Manchev Yulian T, Burn Matthew J, Popelier Paul L A
Department of Chemistry, The University of Manchester, Manchester, UK.
J Comput Chem. 2024 Dec 15;45(32):2912-2928. doi: 10.1002/jcc.27477. Epub 2024 Aug 31.
We present ichor, an open-source Python library that simplifies data management in computational chemistry and streamlines machine learning force field development. Ichor implements many easily extensible file management tools, in addition to a lazy file reading system, allowing efficient management of hundreds of thousands of computational chemistry files. Data from calculations can be readily stored into databases for easy sharing and post-processing. Raw data can be directly processed by ichor to create machine learning-ready datasets. In addition to powerful data-related capabilities, ichor provides interfaces to popular workload management software employed by High Performance Computing clusters, making for effortless submission of thousands of separate calculations with only a single line of Python code. Furthermore, a simple-to-use command line interface has been implemented through a series of menu systems to further increase accessibility and efficiency of common important ichor tasks. Finally, ichor implements general tools for visualization and analysis of datasets and tools for measuring machine-learning model quality both on test set data and in simulations. With the current functionalities, ichor can serve as an end-to-end data procurement, data management, and analysis solution for machine-learning force-field development.

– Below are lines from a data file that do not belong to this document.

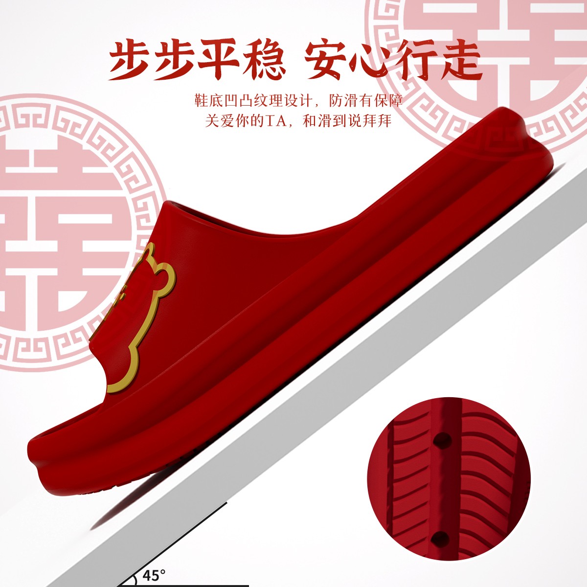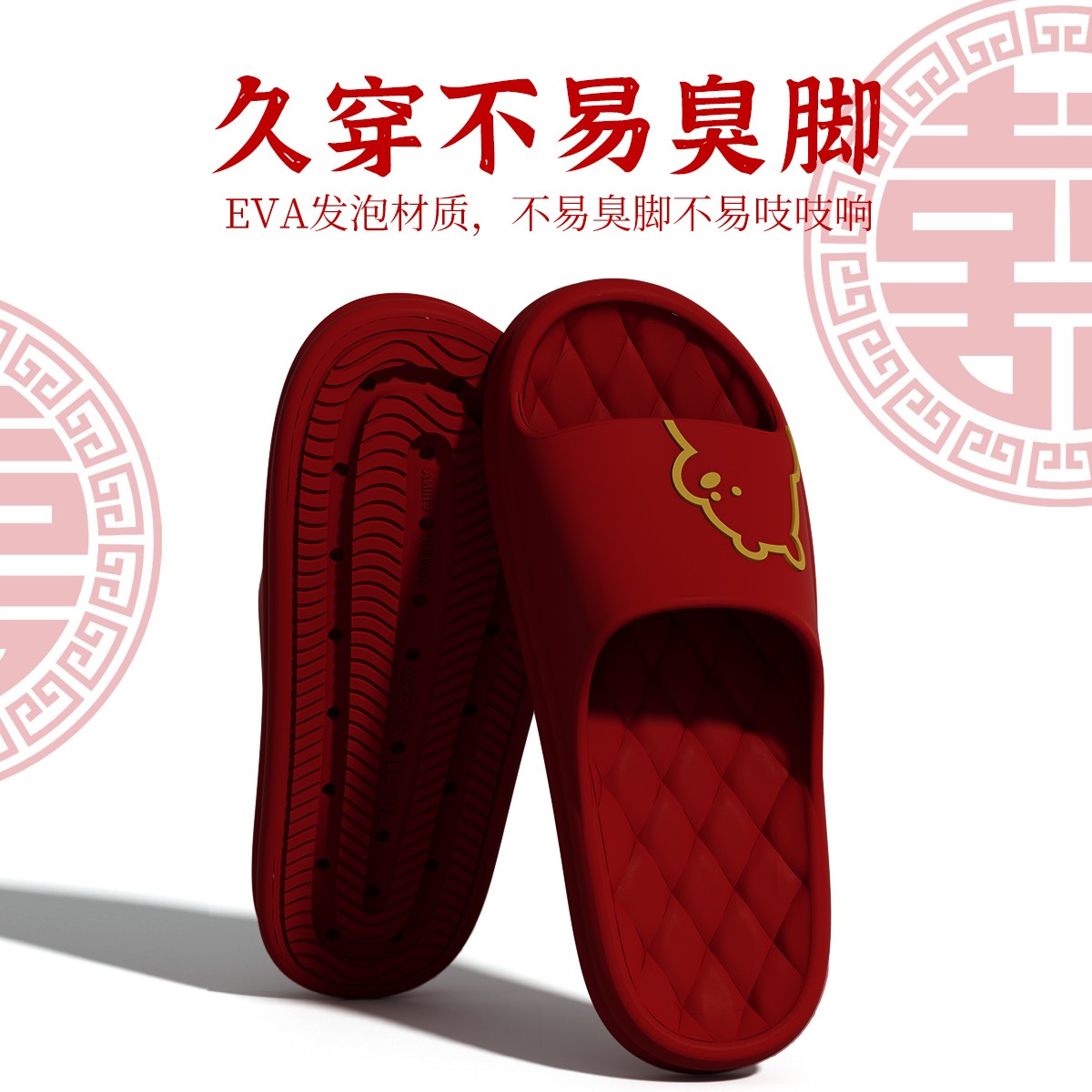 婚庆大红色拖鞋 本命年新婚喜庆晨袍新娘陪嫁凉拖 结婚情侣一对夏季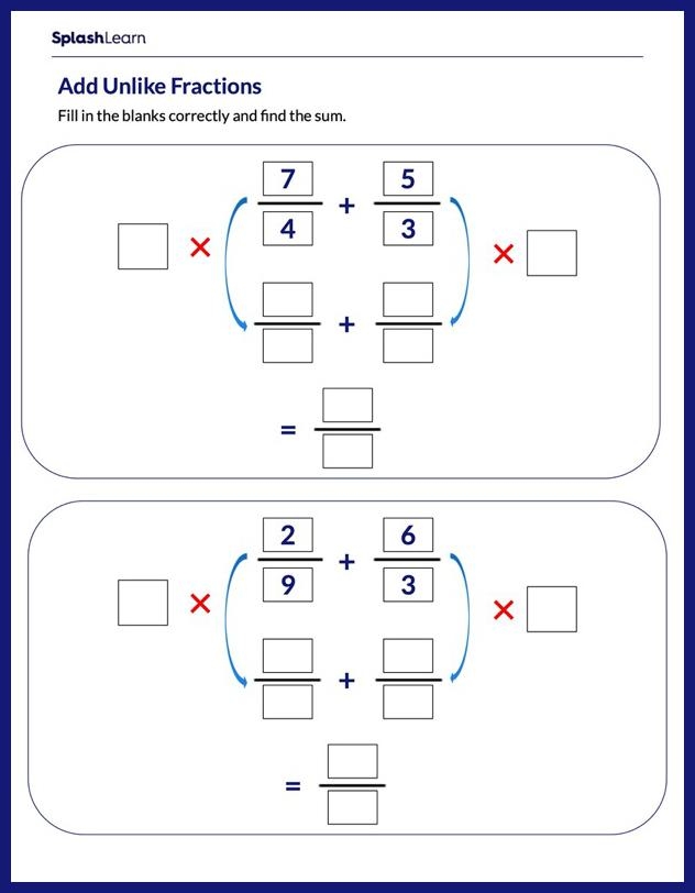 By using worksheets specifically designed for adding unlike fractions, students can learn to find a common denominator, add the numerators, and simplify the resulting fraction. These worksheets provide a structured way for students to practice and reinforce their understanding of the addition of fractions.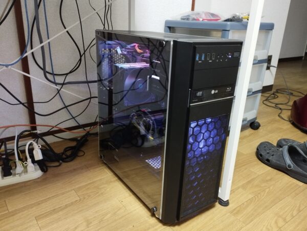 自作パソコンの出来上がりはこんな感じです。ケースの表面の蓋は透明アクリル板なので、配線を隠す必要性がわかりますね。(見映え重視ってことですね。)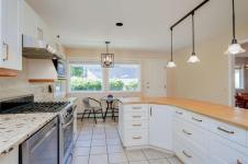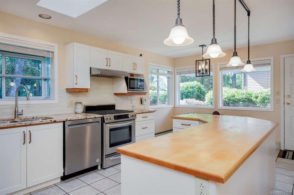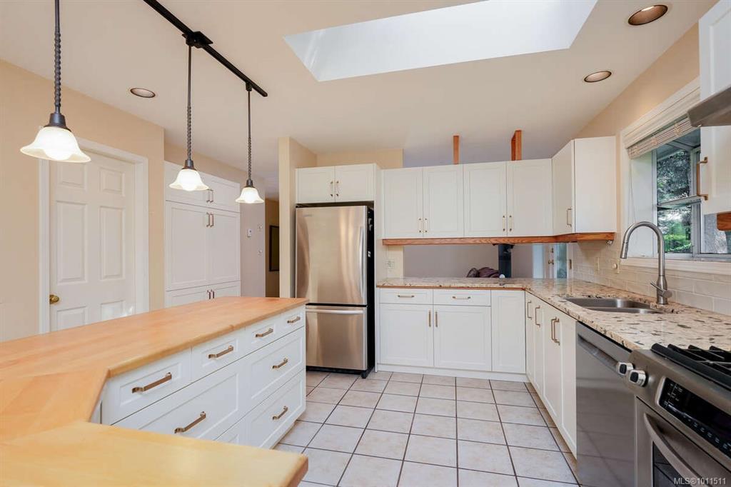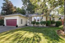 This beautifully designed 3-bedroom, 3-bathroom rancher is tucked away at the end of a quiet cul-de-sac and has been meticulously maintained by its second owner. Perfectly situated just a short walk from Broadmead Village, public transit, and quick highway access, this home combines comfort with convenience. The spacious, light-filled kitchen overlooks a private backyard retreat featuring a fully fenced yard, low-maintenance gardens, and a covered patio—ideal for year-round enjoyment. Additional highlights include a large double garage with over-height ceilings, an expansive crawlspace for extra storage, 200-amp electrical service, and ample visitor parking. Pride of ownership is evident throughout, with numerous thoughtful upgrades that add both value and peace of mind: exterior professionally repainted, gas heating (2023), kitchen remodel (2020), HVAC (2019), expanded patio with motorized awnings (2018), updated powder room (2017), skylight and roof (2014), front entrance canopy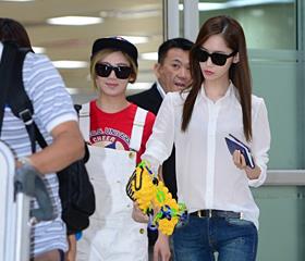 少女时代成员允儿14日在金浦机场返回韩国的时候一身休闲装扮,展现独特时尚造型。 允儿上衣选择了一件JOE FRES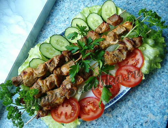 - Мясо без жилочек порезать на кубики, замариновать. Мариновка шашлыка должна быть продолжительна, можно оставить мясо на ночь в холодильнике.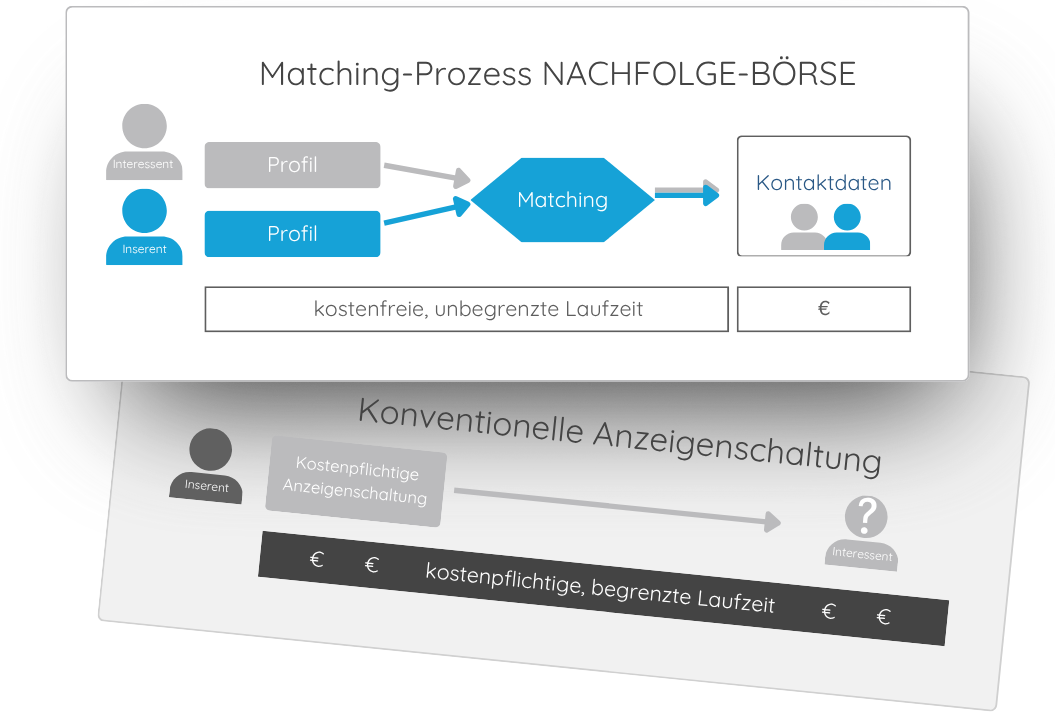 Erfolgt eine Reaktion auf Ihre Anzeige, wird Ihnen das anonymisierte Interessentenprofil übermittelt und Sie können entscheiden, ob Sie mit diesem in Verbindung treten möchten. Im Gegensatz zu klassischen Stellenanzeigen gibt es auf der NACHFOLGE-BÖRSE keine sich durch die Laufzeit einer Annonce anhäufenden Kosten.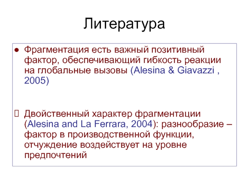Двойственный характер фрагментации (Alesina and La Ferrara, 2004): разнообразие –фактор в производственной функции, отчуждение воздействует на уровне предпочтений

我们展示了Ichor,一个开源的Python库,它简化了计算化学中的数据管理,并简化了机器学习力场开发。Ichor除了实现一个惰性文件读取系统外,还实现了许多易于扩展的文件管理工具,从而能够高效管理数十万份计算化学文件。计算数据可以轻松存储到数据库中,便于共享和后期处理。原始数据可以直接由Ichor处理,以创建适用于机器学习的数据集。除了强大的数据相关功能外,Ichor还提供了与高性能计算集群使用的流行工作负载管理软件的接口,只需一行Python代码就能轻松提交数千个单独的计算任务。此外,通过一系列菜单系统实现了一个易于使用的命令行界面,以进一步提高Ichor常见重要任务的可访问性和效率。最后,Ichor实现了用于数据集可视化和分析的通用工具,以及用于在测试集数据和模拟中测量机器学习模型质量的工具。凭借当前的功能,Ichor可以作为机器学习力场开发的端到端数据获取、数据管理和分析解决方案。